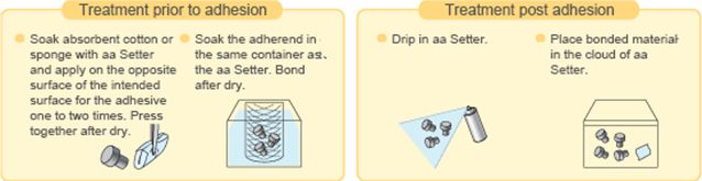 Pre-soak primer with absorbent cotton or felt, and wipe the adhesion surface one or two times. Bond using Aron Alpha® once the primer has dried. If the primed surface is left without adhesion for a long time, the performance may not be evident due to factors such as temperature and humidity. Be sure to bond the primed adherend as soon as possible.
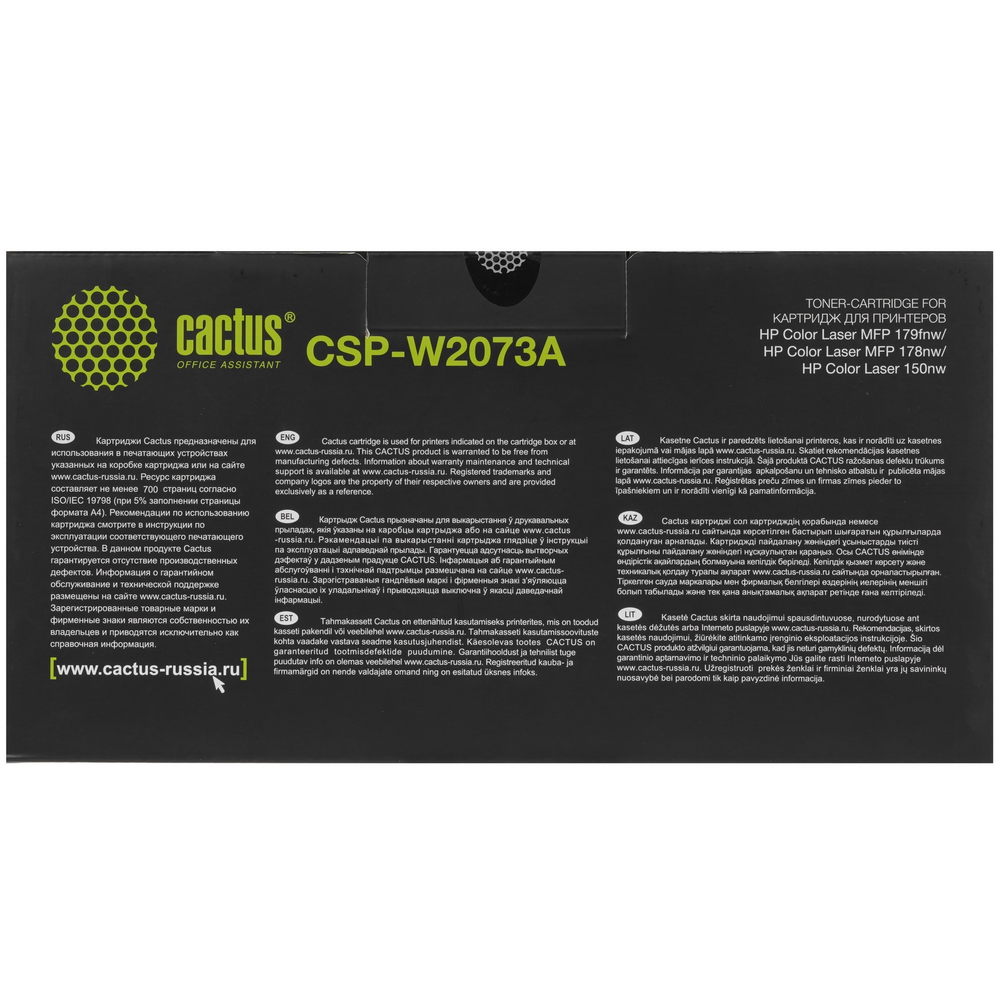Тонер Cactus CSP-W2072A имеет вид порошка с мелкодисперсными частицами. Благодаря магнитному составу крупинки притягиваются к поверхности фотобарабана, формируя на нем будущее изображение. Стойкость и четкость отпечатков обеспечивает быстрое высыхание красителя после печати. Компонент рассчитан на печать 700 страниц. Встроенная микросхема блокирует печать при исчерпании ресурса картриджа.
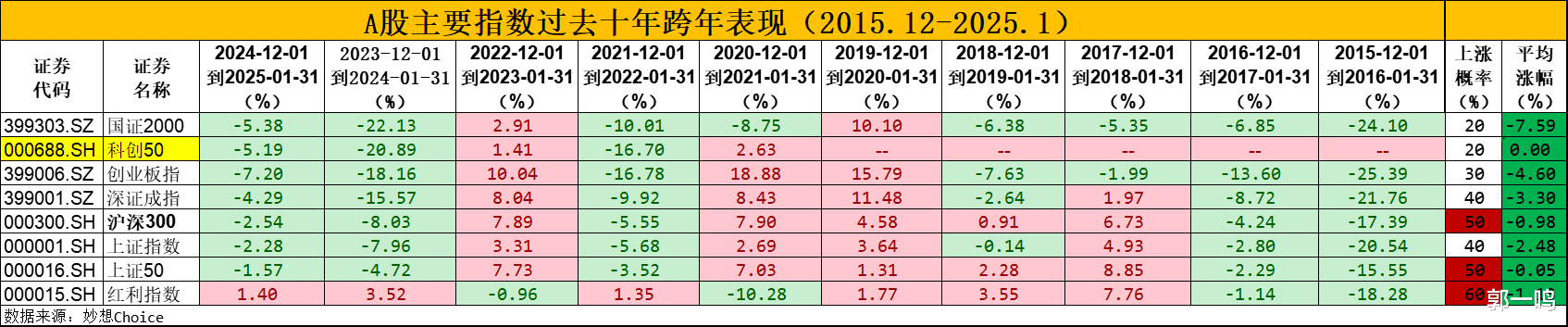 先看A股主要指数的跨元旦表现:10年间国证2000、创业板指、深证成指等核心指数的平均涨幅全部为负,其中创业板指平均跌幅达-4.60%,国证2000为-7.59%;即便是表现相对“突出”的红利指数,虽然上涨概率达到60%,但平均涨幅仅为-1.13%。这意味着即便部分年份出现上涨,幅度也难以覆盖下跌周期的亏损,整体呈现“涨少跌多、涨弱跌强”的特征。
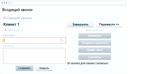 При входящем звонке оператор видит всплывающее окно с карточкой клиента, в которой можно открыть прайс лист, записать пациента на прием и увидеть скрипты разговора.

_Your goal_: Pictures are not part of the copy; transcribe the rest of the data verbatim.

_The answer_:
 Pre-soak primer with absorbent cotton or felt, and wipe the adhesion surface one or two times. Bond using Aron Alpha® once the primer has dried. If the primed surface is left without adhesion for a long time, the performance may not be evident due to factors such as temperature and humidity. Be sure to bond the primed adherend as soon as possible.
Тонер Cactus CSP-W2072A имеет вид порошка с мелкодисперсными частицами. Благодаря магнитному составу крупинки притягиваются к поверхности фотобарабана, формируя на нем будущее изображение. Стойкость и четкость отпечатков обеспечивает быстрое высыхание красителя после печати. Компонент рассчитан на печать 700 страниц. Встроенная микросхема блокирует печать при исчерпании ресурса картриджа.
 先看A股主要指数的跨元旦表现:10年间国证2000、创业板指、深证成指等核心指数的平均涨幅全部为负,其中创业板指平均跌幅达-4.60%,国证2000为-7.59%;即便是表现相对“突出”的红利指数,虽然上涨概率达到60%,但平均涨幅仅为-1.13%。这意味着即便部分年份出现上涨,幅度也难以覆盖下跌周期的亏损,整体呈现“涨少跌多、涨弱跌强”的特征。
 При входящем звонке оператор видит всплывающее окно с карточкой клиента, в которой можно открыть прайс лист, записать пациента на прием и увидеть скрипты разговора.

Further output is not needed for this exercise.